No digo que estemos en 1933 en Alemania o en Checoslovaquia. Lo que intento decir es que la historia nos ayuda a expandir nuestra mente, a ver que la realidad no es algo que debamos dar por sentado. Gente no tan distinta a nosotros ha experimentado situaciones políticas muy distintas. Quizá es más una lección para los estadounidenses que para personas de otros lugares. En vez de trazar una analogía, intento extraer lecciones de gente inteligente que ha vivido el colapso de sistemas democráticos. Intento mostrarlo antes de que ocurran cosas malas. No es un libro de historia, es un panfleto político.
¿Cuáles son los parecidos y las diferencias más importantes?

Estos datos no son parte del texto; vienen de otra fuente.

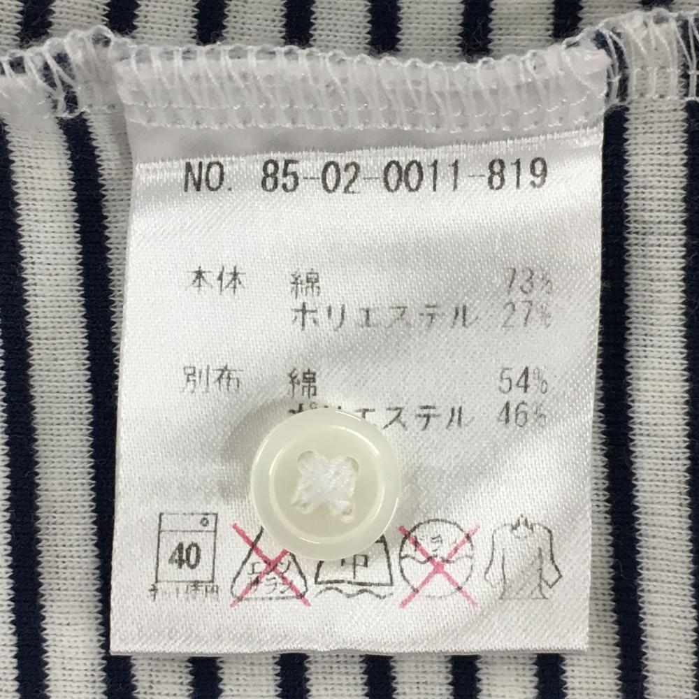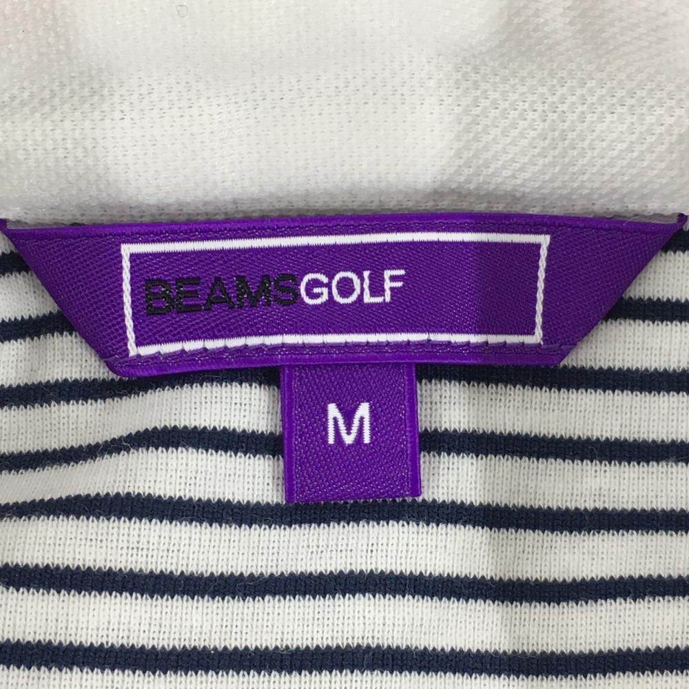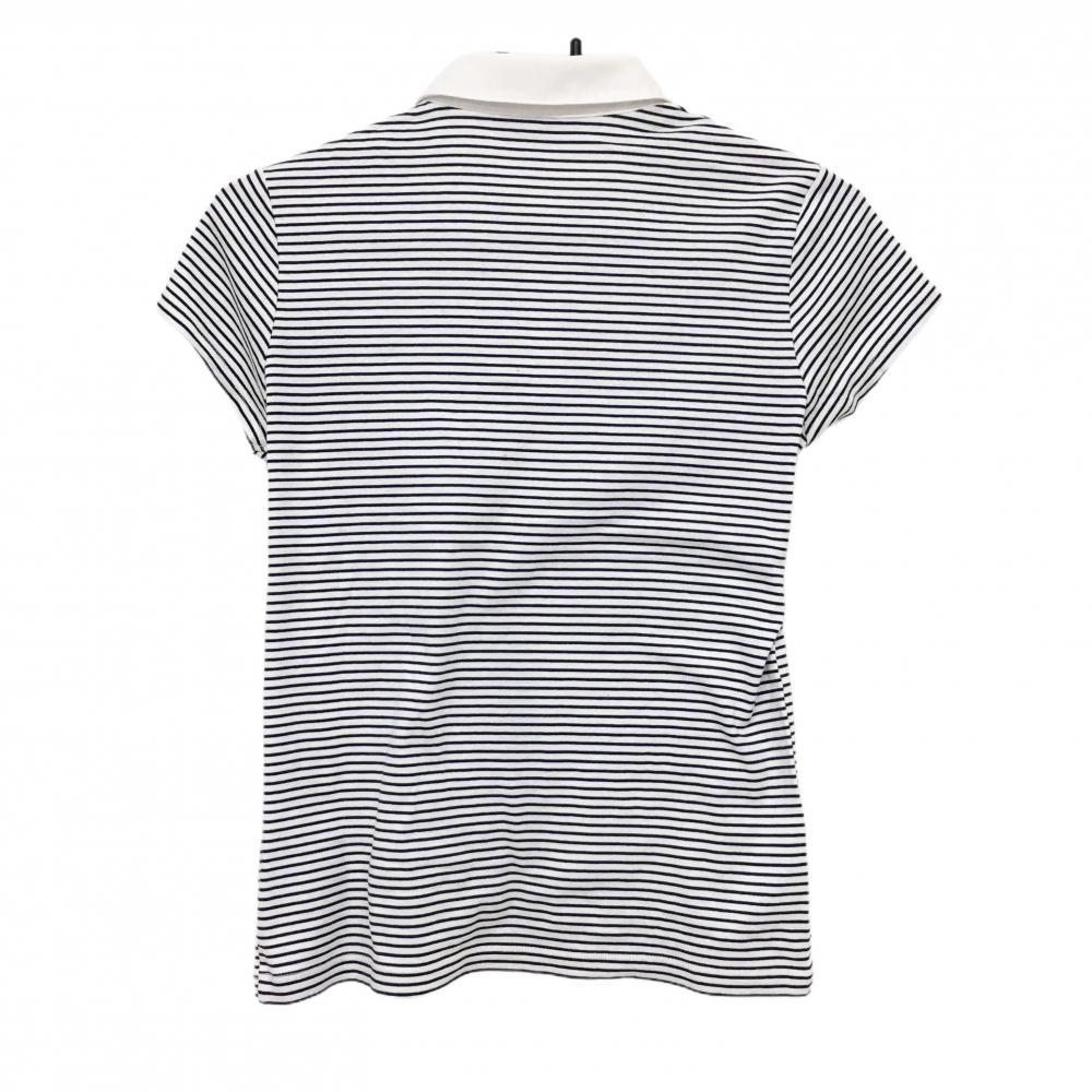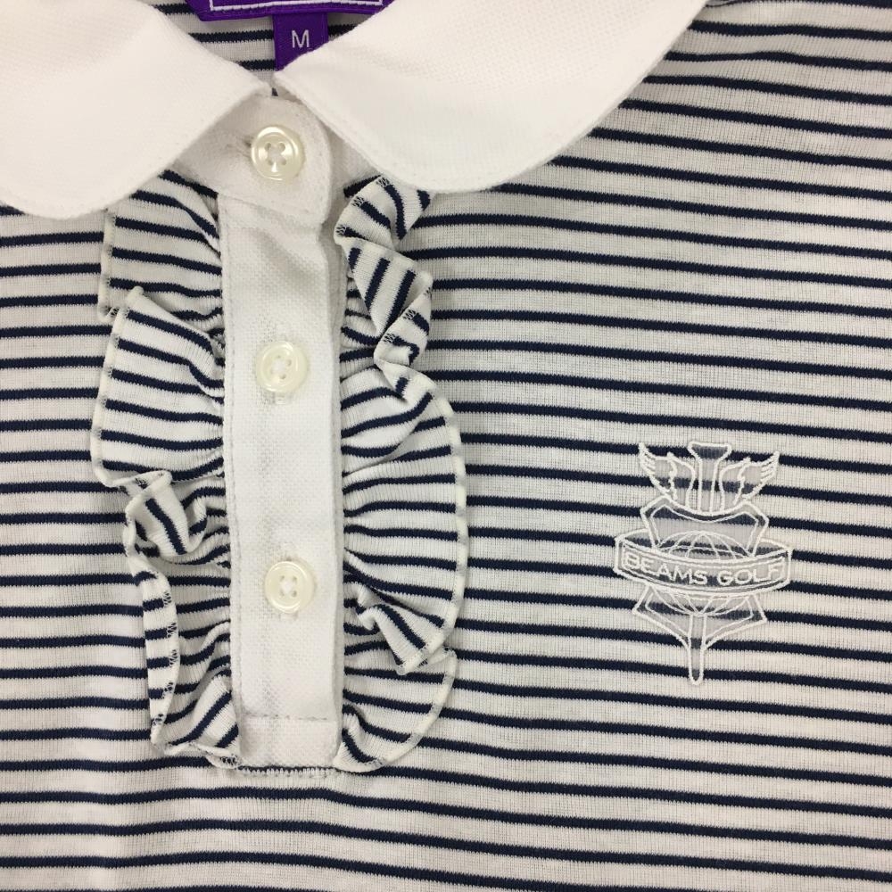 ビームスゴルフ 半袖ポロシャツ 白×黒 ボーダー 前立てフリル ロゴ刺しゅう レディース M ゴルフウェア BEAMS GOLF
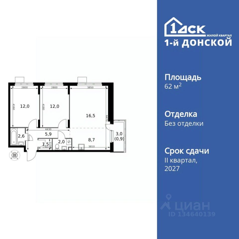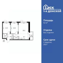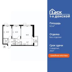 Продаётся 3-к квартира номер 129 общей площадью 62.1 кв.м. на 13-м этаже 24 этажного здания. Без отделки.

El gran parecido es que estamos en medio de una globalización desafiada. La historia de fines del XIX y comienzos del XX es la de una globalización llena de esperanzas que luego se vio desafiada por gente que tenía ideas muy distintas. Nosotros también venimos de una globalización que ahora se ve contestada. Dos de las grandes diferencias son que la población es mucho mayor y que la cultura de la información es muy distinta. Algunas diferencias no van a nuestro favor sino que crean nuevos riesgos.
En el epílogo habla de dos ideas: la política de la inevitabilidad y la política de la eternidad.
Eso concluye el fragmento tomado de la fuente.